Find (possibly unknown) keywords associated to other (known) keywords. Starting from user-defined seed keywords the program finds associated ones from google results. Texts from related google images searches are also considered. The process is repeated until reaching one stop criteria (i.e., the user stops the program or the extracted keywords don't change much anymore).
The user can interact with the iterative search through a gui (it is also possible to interact with the program programmaticaly). To open the gui open a terminal from the program's directory and type:
python kwGui.py
-
To start a keyword search type search term and press enter or click on the "search" button.
-
Keywords will be shown on the left and related images on the right side of the gui.
-
Keyword types:
- Top (green): original ("permanent") keywords included in all the iterations.

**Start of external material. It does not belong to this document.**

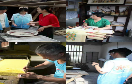 在福美祥(原同福昌)年画作坊,省级非遗传承人尹东香老师向团队系统解读了滩头年画的千年传承史,从“门神驱邪”的民俗起源到“二十四节气”的题材演变,结合亲手演示的拓印、晕染等核心工序,完整呈现了这项技艺的文化基因。材料溯源环节中,团队专程探访本地竹纸作坊,国家级非遗传承人李志军老师现场展示了手工抄纸“荡料入帘”“覆帘压纸”的精妙手法,揭秘了以嫩竹、石灰、杉树皮为原料的天然造纸工艺——这种纤维坚韧、吸水性强的竹纸,正是滩头年画“色彩饱满不褪色”的关键基底。两位传承人在得知团队计划通过创新设计与数字技术推广滩头年税后,均对其跨界思路给予高度认可,认为“年轻一代的介入能让老手艺接上时代地气”。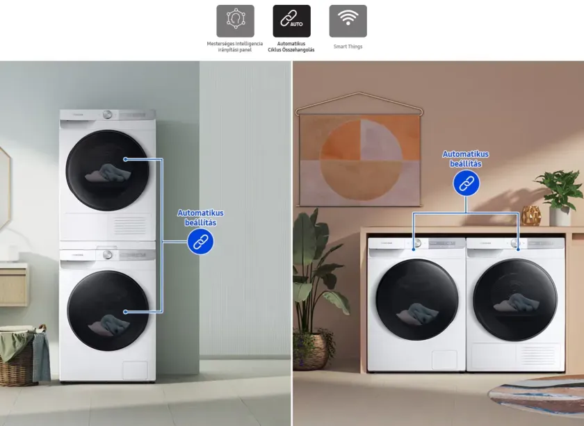 *Android és iOS eszközökön érhető el. Wi-Fi csatlakozás és Samsung fiók ("Samsung Account") regisztráció szükséges hozzá. **Az Automatikus Ciklus Összehangolás kizárólag akkor érhető el, ha a mosógép és a szárítógép is rendelkezik MI-vel (Mesterséges Intelligenciával) és Wi-Fi kapcsolattal. A képek eltérhetnek a valós terméktől. A mobil grafikus felhasználói felület (angolul "Graphical User Interface"; nemzetközileg ismert rövidítése: "GUI") képei országonként és régiókként eltérhetnek.

- Middle (white): relevant keywords included as search terms, but they are not permanent and can be demoted in subsequent iterations.
- Bottom (gray): the remaining keywords sorted by their relevance.
-
Keywords can be promoted or demoted by moving them up or down into a different keyword region, respectively.
-
Keywords can be "erased" making them a negative keyword in subsequent searches. Erase a keyword by draggin it to the side until the picture of a trashcan appears.
-
Clicking on an image opens its respective website on a browser. While the user checks the website the program will be paused. To resume the user is given the choice to state whether or not the information in the website was relevant.
-
To manually pause or stop a search press the "||" or "o" buttons, respectively.
-
The search terms could be reset by erasing terms and/or typing new ones and pressing "Reset".
-
The web scrapping abilities of the program might require an update (i.e., update GoogleImagesSearch in SearchUtils.py). Many thumbnails do not load at the moment.
-
Store the thumbnails so that only gathered images are (quickly) displayed.
- The gui could pick an image from the folder with a weight proportional to the logarithm of the thumbnail number. This way the latest-adquired thumbnails will be favored (but not overwhelmingly so).
-
Might be nice to more clearly separate the program core from the GUI by putting the GUI on a separate folder and making it gather information from the "ipc" folder.
-
The "database", currently a json file, should probably be switched to an actual database to make it easy to handle reads and writes.